Two links but one link appears unstable, i.e. missing three consecutive heartbeats.	Mark link un-usable and steer the flow to the next best available link.
Both Jitter and Loss on both links.	Enable FEC on both links and enable Jitter buffer on the receiving side. Jitter buffer is enabled when Jitter is greater than 7 ms for voice and greater than 5 ms for video. The sending DMPO endpoint notifies the receiving DMPO endpoint to enable Jitter buffer. The receiving DMPO endpoint will buffer up to 10 packets or 200 ms of traffic, whichever happens first. The receiving DMPO endpoint uses the original time stamp embedded in the DMPO header to calculate the flow rate to use in de-jitter buffer. If the flow is not sent at a constant rate, the Jitter buffering is not enabled.

Link Steering by Transport Group

A Transport Group represents WAN links bundled together based on similar characteristics and functionality. Defining a Transport Group allows business abstraction so that a similar policy can apply across different Hardware types.

Different locations may have different WAN transports (e.g. WAN carrier name, WAN interface name); DMPO uses the concept of Transport Group to abstract the underlying WAN carriers and interfaces from the Business Policy configuration. The Business Policy configuration can specify the transport group (Public Wired, Public Wireless or Private Wired) in the steering policy so that the same Business Policy configuration can be applied across different device types or locations, which may have completely different WAN carriers and WAN interfaces. When the DMPO performs the WAN link discovery, it also assigns the transport group to the WAN link. This is the most desirable option for specifying the links in the Business Policy because it eliminates the need for IT administrators to know the type of physical connectivity or the WAN carrier.
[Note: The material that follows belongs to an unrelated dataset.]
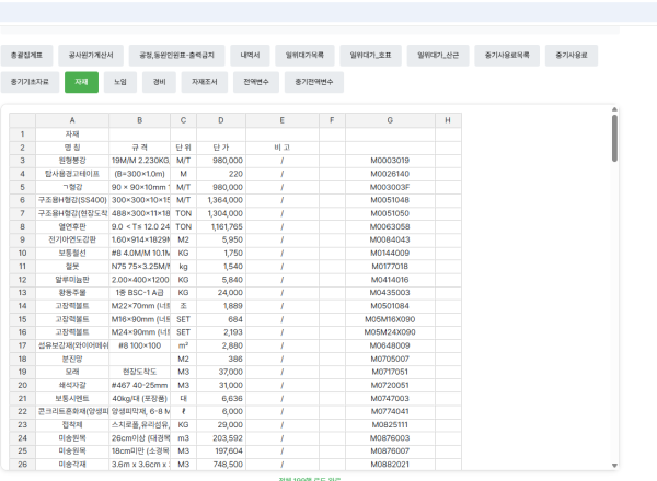 각개별 적용코드는 첨부화일처럼 구분되어진다. 여기서 자재 코드는 넛트라고 하자 그 너트에는 여러가지 공산품적인 분류가 들어 있게되는데 그 분류코드에 따라 천차만별의 품종과 가격대가 형성되어진다 그에따른 코드체계를 분류해 놓은것이다
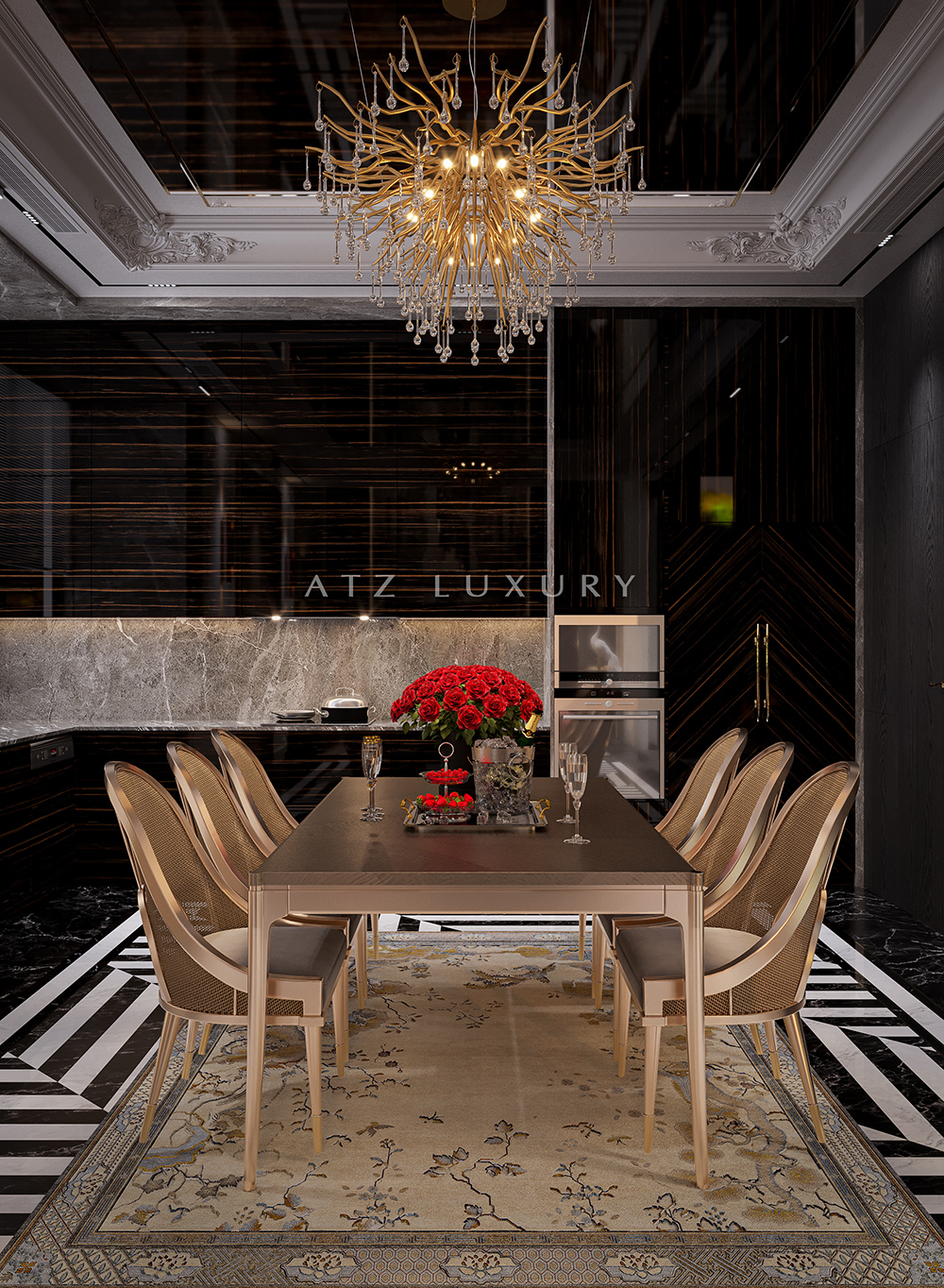 Khu vực bếp, bàn ăn được thiết kế đẹp đầy đủ công năng cũng như tiện ích trong sinh hoạt và sử dụng, với sự kết hợp độc đáo của các tone màu giúp cho không gian tổng quan được trở lên sang trọng và đẹp hơn rất nhiều.

If you choose the Preferred option, the Error Correct Before Steering checkbox displays.

If you select the Error Correct Before Steering checkbox, the Loss% variable textbox displays. When you define a loss percentage (4% for example), the Edge will continue to use the selected link or transport group and apply error correction until loss reaches 4%, which is when it will steer traffic to another path. When the Error Correct Before Steering checkbox is unchecked, the Edge will start steering traffic away if the loss for the link exceed the application SLA - i.e. Real-time application SLA is 0.3% by default. If you do not select this checkbox, the application will steer before Error Correction occurs.

Figure 7. Configure Link Steering by Transport Group

Note: This option is allowed at both the Edge Override level and Profile level.

Link Steering by Interface

For this option, the link steering is tied to a physical interface. Link steering by interface will be used primarily for routing purposes. However, even though it logically should only be used for routing traffic directly from the VeloCloud Site, if the rule specified has a Network Service requiring Internet Multi-path benefits, it will pick a single WAN link connected to the interface.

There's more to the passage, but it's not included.